Description of the task: Nothing but the pictures is dropped; write out all the remaining data below exactly.

Stored data below:

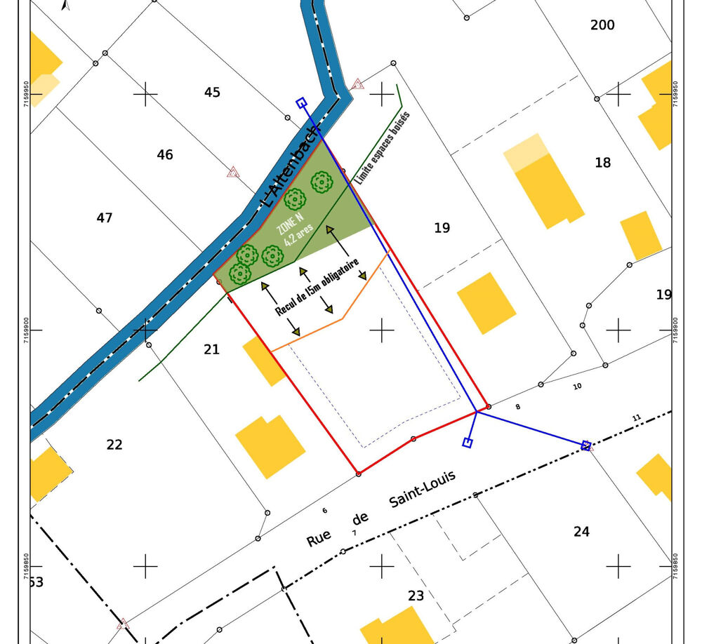 Selon les préconisations du PLU, il est possible de construire une maison individuelle ou bien une maison jumelée car seule la moitié du terrain est constructible, soit environ 10.50 ares (plan annexé).
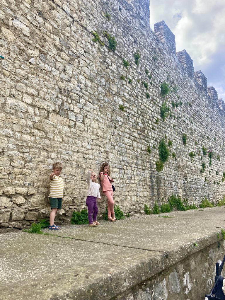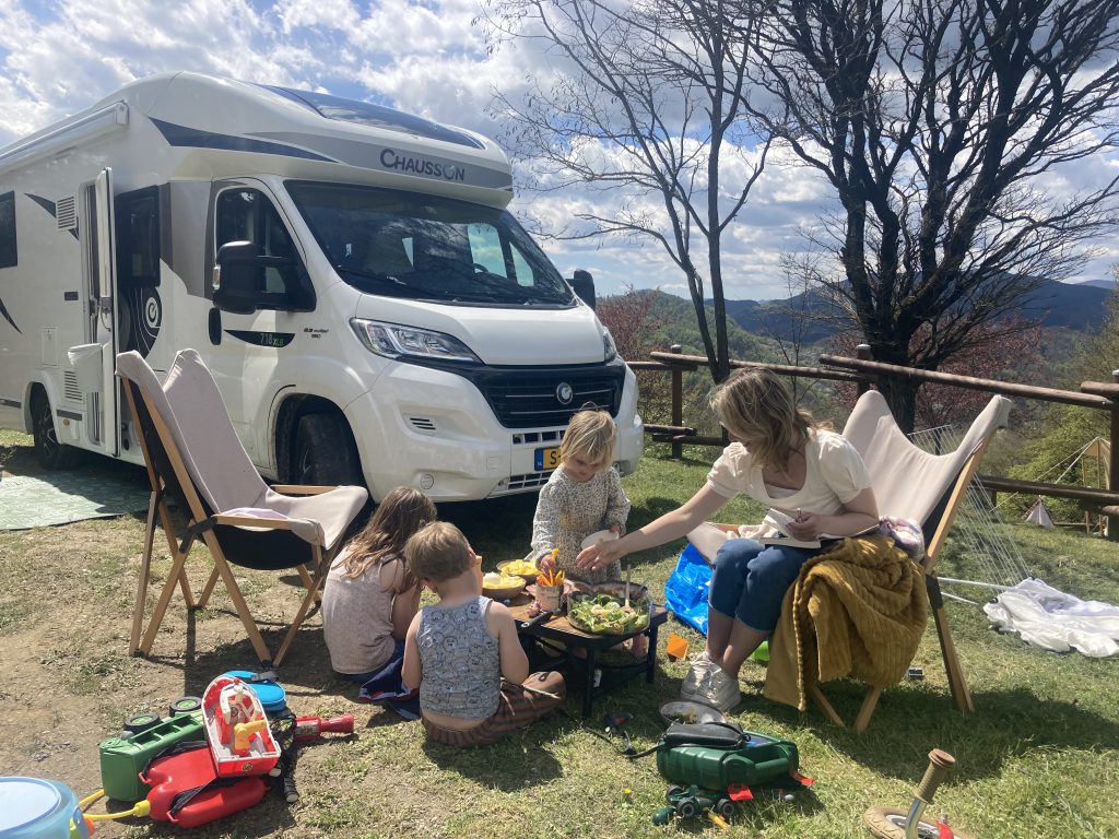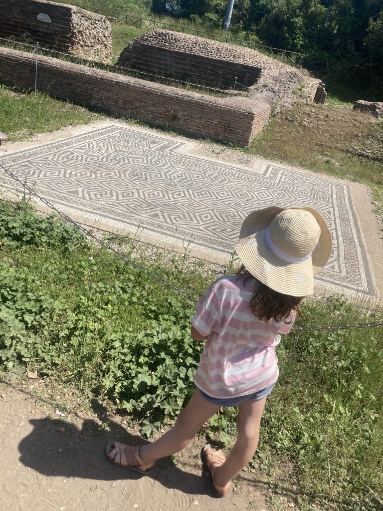 De volgende dag was Livia jarig en was het tijd voor cadeaus, slingers en natuurlijk opzoek naar taart! Doordat we vaak op de dag dat we gaan rijden ‘s avonds nog niet weten waar we slapen, zijn we ook niet altijd helemaal op de hoogte van waar we precies in de buurt verblijven. Dus toen we de volgende ochtend met de camper naar het dorpje, Castiglione della Pescaia, verderop reden en parkeerden in de parkeergarage vielen we van de ene in de andere positieve verbazing! We bleken aangekomen te zijn in een prachtig dorpje met vriendelijke mensen en boven op de berg een oud middeleeuws kasteel. Dus zo werd het taartje eten een dag vullend programma waarbij we afsloten met het spelen op het strand en er tijdens de lunch door Derk, Ezra en Amelie zelfs inktvissen gegeten werden! Aan het einde van de dag reden we verder richting Rome om bij natuur camping BoHo aan te komen, die eigenlijk pas 1 juni zou openen (wat wij over het hoofd hadden gezien), maar gelukkig vond de Nederlandse eigenaar het geen probleem dat wij nog ‘s avonds laat aankwamen en verbleven er nog twee andere Nederlanders die al 8 maanden op de fiets op reis waren. Op deze camping hebben we drie heerlijke rustige dagen gehad. Waarbij er wederom veel buiten gespeeld werd, Amelie en Ezra heel laat opbleven vanwege het kampvuur dat ‘s avonds aanging en wij het zelf ook erg gezellig vonden om ‘s avonds even met andere Nederlanders te kletsen. Op zondag hebben Amelie en Derk samen Ostia bezocht. Dit was in de tijd van de Romeinen de haven van Rome en de oude stad is daar opgegraven om te bezoeken. Een gedeelte van Amelie haar schoolwerk gaat over de Romeinen, dus hoe gaaf is het om zo de koppeling te maken tussen wat ze in het boekje leert en wat in het echt nog te bezoeken is!
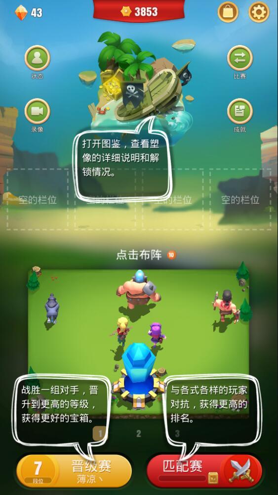虽然极大的降低了游戏的操作性,却没有影响整个游戏的体验性。把更多的时间留给玩家去思考对战阵容的分布和英雄的选择。玩法上,除了匹配玩家的PK模式外,游戏加入的段位系统,用于解锁其他更高级的英雄。匹配获胜的奖励宝石和宝箱,宝石可用来购买商城里其他英雄。宝箱可以开出英雄。双向成长的渠道,可以让玩家更快的提升自己的能力。以便在匹配系统中展示出更好的表现,冲击排行榜的名次。
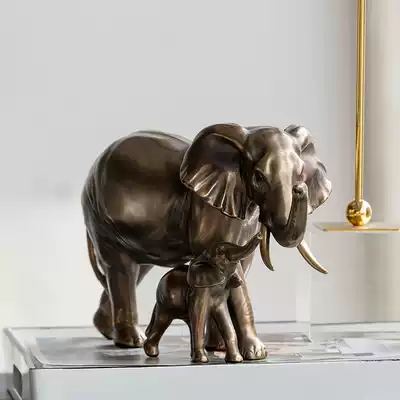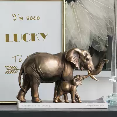 European-style copper gold mother and son elephant ornaments Resin crafts Home living room town house decorations Housewarming new home gifts

End of Stored data.

Completed exercise:
 Selon les préconisations du PLU, il est possible de construire une maison individuelle ou bien une maison jumelée car seule la moitié du terrain est constructible, soit environ 10.50 ares (plan annexé).
 De volgende dag was Livia jarig en was het tijd voor cadeaus, slingers en natuurlijk opzoek naar taart! Doordat we vaak op de dag dat we gaan rijden ‘s avonds nog niet weten waar we slapen, zijn we ook niet altijd helemaal op de hoogte van waar we precies in de buurt verblijven. Dus toen we de volgende ochtend met de camper naar het dorpje, Castiglione della Pescaia, verderop reden en parkeerden in de parkeergarage vielen we van de ene in de andere positieve verbazing! We bleken aangekomen te zijn in een prachtig dorpje met vriendelijke mensen en boven op de berg een oud middeleeuws kasteel. Dus zo werd het taartje eten een dag vullend programma waarbij we afsloten met het spelen op het strand en er tijdens de lunch door Derk, Ezra en Amelie zelfs inktvissen gegeten werden! Aan het einde van de dag reden we verder richting Rome om bij natuur camping BoHo aan te komen, die eigenlijk pas 1 juni zou openen (wat wij over het hoofd hadden gezien), maar gelukkig vond de Nederlandse eigenaar het geen probleem dat wij nog ‘s avonds laat aankwamen en verbleven er nog twee andere Nederlanders die al 8 maanden op de fiets op reis waren. Op deze camping hebben we drie heerlijke rustige dagen gehad. Waarbij er wederom veel buiten gespeeld werd, Amelie en Ezra heel laat opbleven vanwege het kampvuur dat ‘s avonds aanging en wij het zelf ook erg gezellig vonden om ‘s avonds even met andere Nederlanders te kletsen. Op zondag hebben Amelie en Derk samen Ostia bezocht. Dit was in de tijd van de Romeinen de haven van Rome en de oude stad is daar opgegraven om te bezoeken. Een gedeelte van Amelie haar schoolwerk gaat over de Romeinen, dus hoe gaaf is het om zo de koppeling te maken tussen wat ze in het boekje leert en wat in het echt nog te bezoeken is!
虽然极大的降低了游戏的操作性,却没有影响整个游戏的体验性。把更多的时间留给玩家去思考对战阵容的分布和英雄的选择。玩法上,除了匹配玩家的PK模式外,游戏加入的段位系统,用于解锁其他更高级的英雄。匹配获胜的奖励宝石和宝箱,宝石可用来购买商城里其他英雄。宝箱可以开出英雄。双向成长的渠道,可以让玩家更快的提升自己的能力。以便在匹配系统中展示出更好的表现,冲击排行榜的名次。
 European-style copper gold mother and son elephant ornaments Resin crafts Home living room town house decorations Housewarming new home gifts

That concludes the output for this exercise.